John Calvin Commentary


John Calvin Commentary
"And he said unto them, These are my words which I spake unto you, while I was yet with you, that all things must needs be fulfilled, which are written in the law of Moses, and the prophets, and the psalms, concerning me." — Luke 24:44 (ASV)
These are the words. Though it will afterwards appear from Matthew and Mark that a discourse similar to this was delivered in Galilee, yet I think it probable that Luke now relates what happened on the day after his resurrection. For what John says of that day, that he breathed on them, that they might receive the Holy Ghost, (John 20:22) agrees with the words of Luke which here immediately follow, that he opened their understanding, that they might understand the Scriptures.

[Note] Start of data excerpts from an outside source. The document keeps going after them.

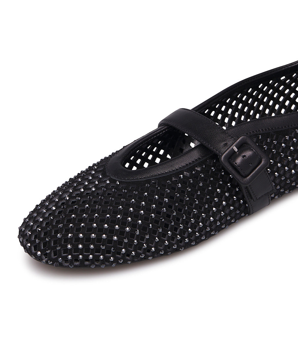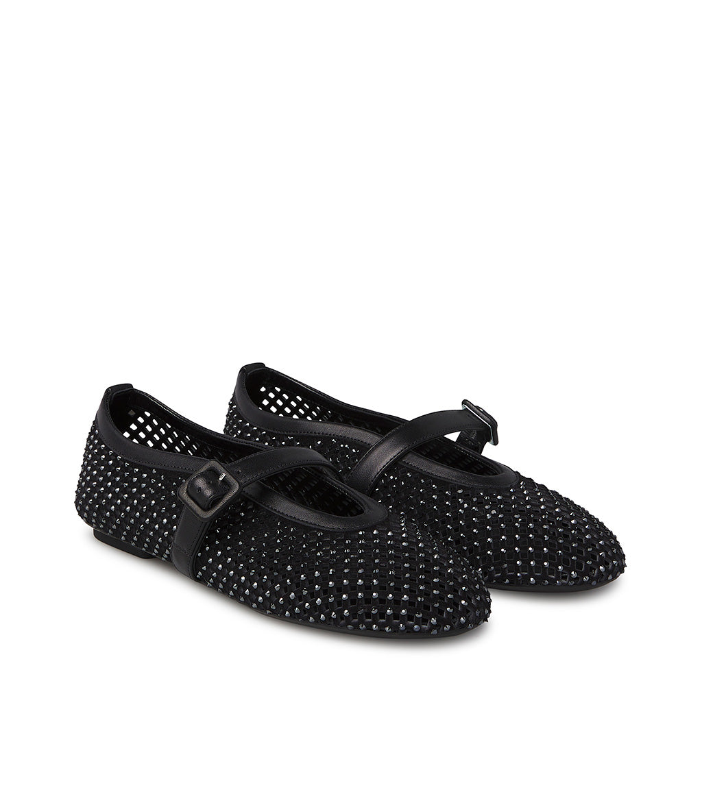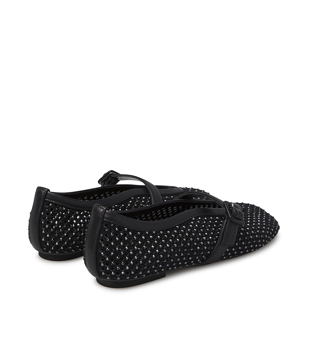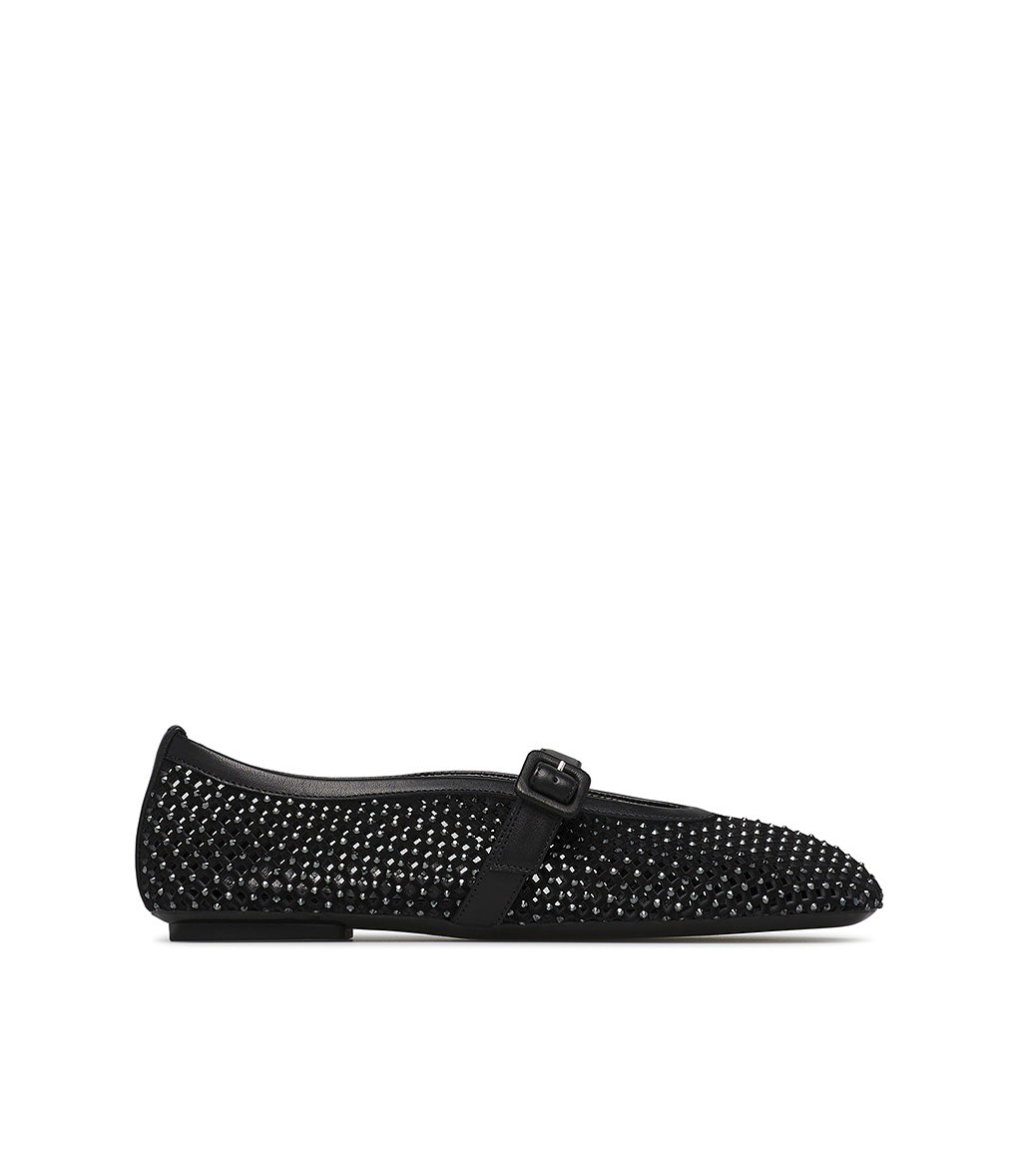 The classic ballerinas take on a new, irresistible allure. Crafted in Italy from black suede with black nappa leather trim and buckle, they feature a geometric cutout design embellished with silver-toned crystals. They feature a rounded toe and rubber sole. Wear them from day to night with your most feminine looks.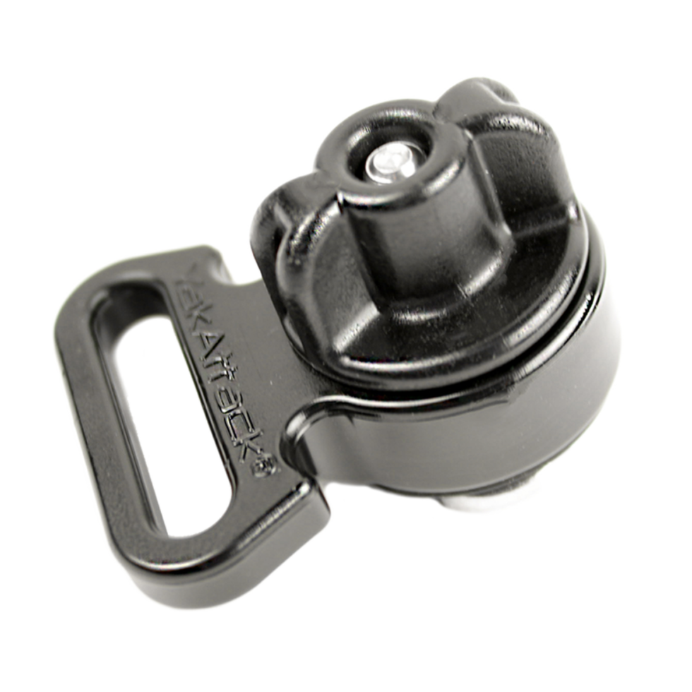 This track mounted tie-down allows a quick and easy attachment point for webbing, small ropes, and bungee in configurations in which the Vertical Tie Down is not ideal. Perfect for securing Blackpaks™, other crate systems, and large gear bags in a kayak tankwell. Compatible with YakAttack MightyMount’s, GearTrac, and most other kayak track systems from Scotty Fishing Products, RAM Mounts, and YakGear. For FeelFree Kayaks, 3 Water Kayaks, and Jonny Boats you will need an adapter to be compatible.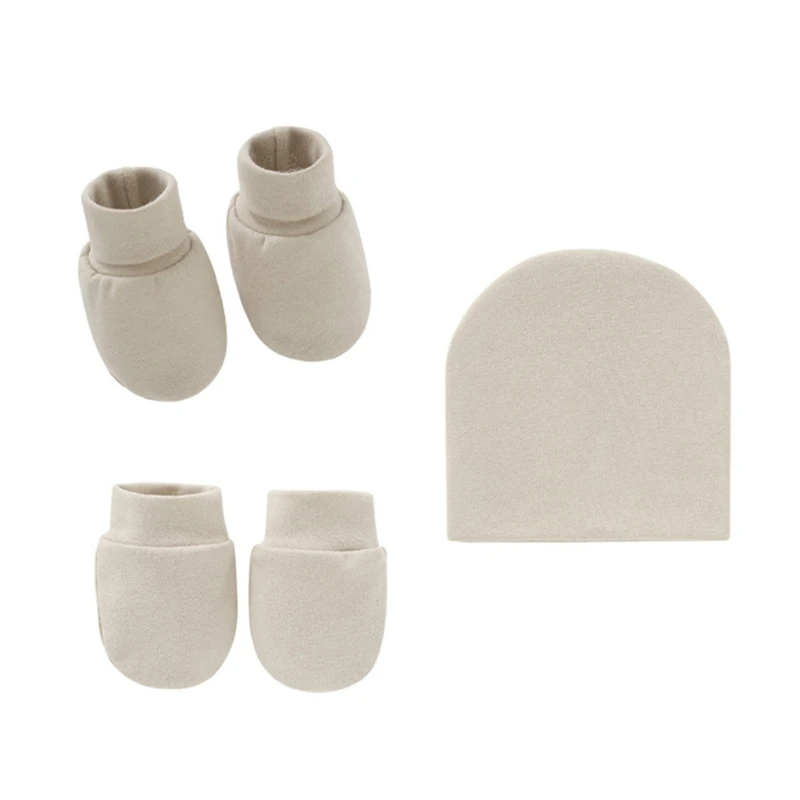 Детские вязаные хлопковые перчатки с защитой от царапин + шапка + чехол для ног варежки носки Кепка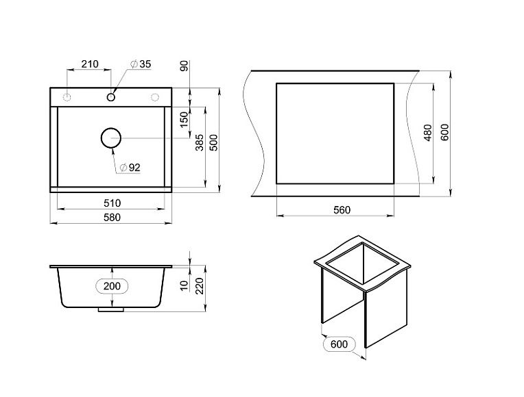 Мойка кухонная Granula 5804, ШВАРЦ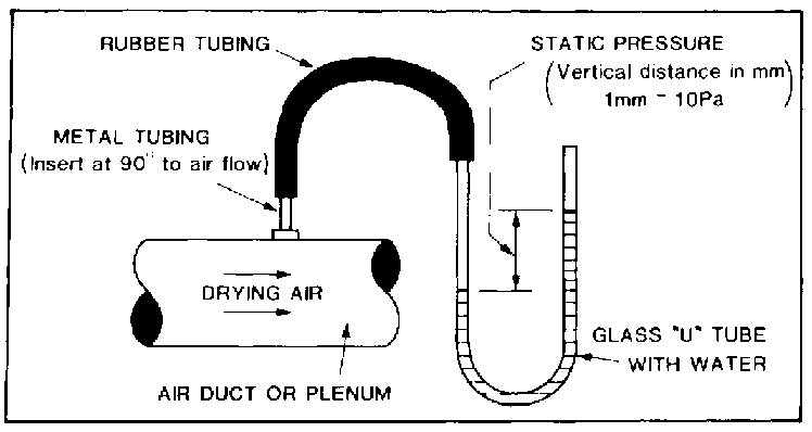 To test a sealed structure by the pressure decay method, air is introduced by the gas introduction system from a blower capable of producing 6 m/min (212 ft³/min) at 2 500 Pa (10 in water gauge). Pressure differentiels can be measured conveniently on a portable water gauge similar to that shown in Figure 43. If a pressure of 2 500 Pa cannot be reached with such a blower, there may be too much restriction between the blower and the bin or the bin is less gas tight than required (e.g. 3.1 m/min at 2 500 Pa for a 2 000 tonne bin). Care should be taken to ensure that pressure within the bin does not exceed the engineering limitations of the bin or of the sealing that is used. When a pressure of 2 500 Pa or the design limit is achieved, air input is cut off in such a way that no air is lost back through the blower. Pressure decay on the water gauge is then related to the period of time involved.

By these words Christ indirectly reproves their gross and shameful forgetfulness. Though they had long ago been fully informed of his future resurrection, they were as much astonished as if it had never been mentioned to them. The import of his words is: “Why do you hesitate as if this had been a new and unexpected occurrence, while it is only what I frequently predicted to you? Why do you not rather remember my words? For if previously you have considered me worthy of credit, you ought to have known this from my instructions before it happened.”
In short, Christ tacitly complains that his labor has been thrown away on the apostles, since his instruction has been forgotten.

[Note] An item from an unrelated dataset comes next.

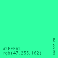 Цвет #2FFFA2 в цветовой модели RGB обозначается тремя октетами (47, 255, 162) в десятичном формате и #2FFFA2 в шестнадцатиричном (hex) формате, которые являются интенсивностью красного 47 (hex 2F), интенсивность зелёного 255 (hex FF) и интенсивность синего 162 (hex A2).
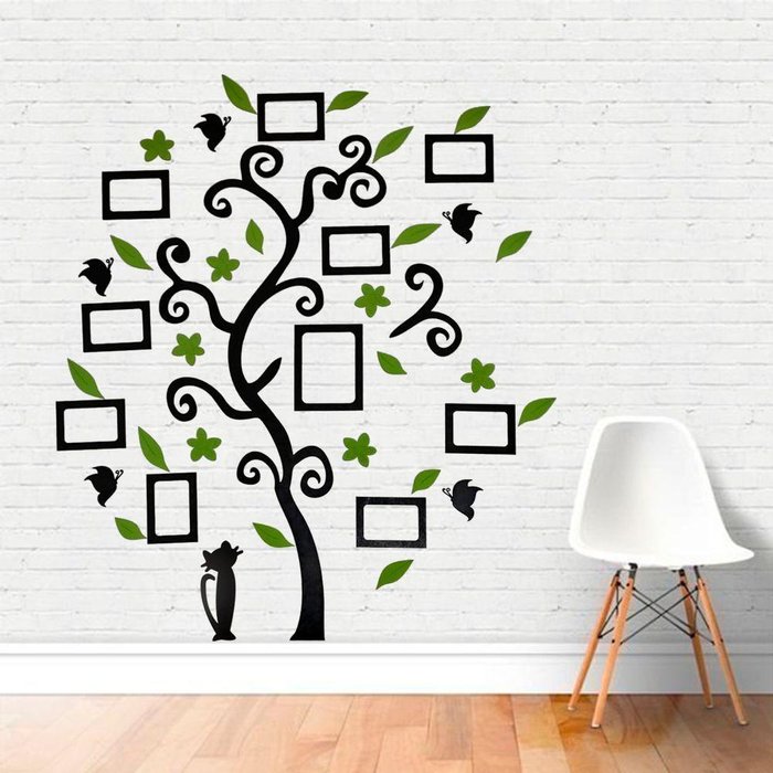 Porta Retrato Parede Mdf-preta Com Folhas E Flores Vermelhas

All things which are written concerning me. He now rebukes them more sharply for their slowness, declaring that he brought forward nothing new but only reminded them of what had been declared by the Law and the Prophets, with which they ought to have been familiar from their childhood.
But though they had been ignorant of the whole doctrine of religion, nothing could have been more unreasonable than not to readily embrace what they knew had undoubtedly proceeded from God. For it was a principle admitted by the whole nation that there was no religion other than what was contained in the Law and the Prophets.
The present division of the Scriptures is fuller than what we find in other passages; for besides the Law and the Prophets, he adds, in the third place, the Psalms. These, though they might properly have been counted among the Prophets, have something distinct and peculiar to themselves.
Yet the division into two parts, which we have seen elsewhere (Luke 16:16; John 1:45), nevertheless embraces the whole of Scripture.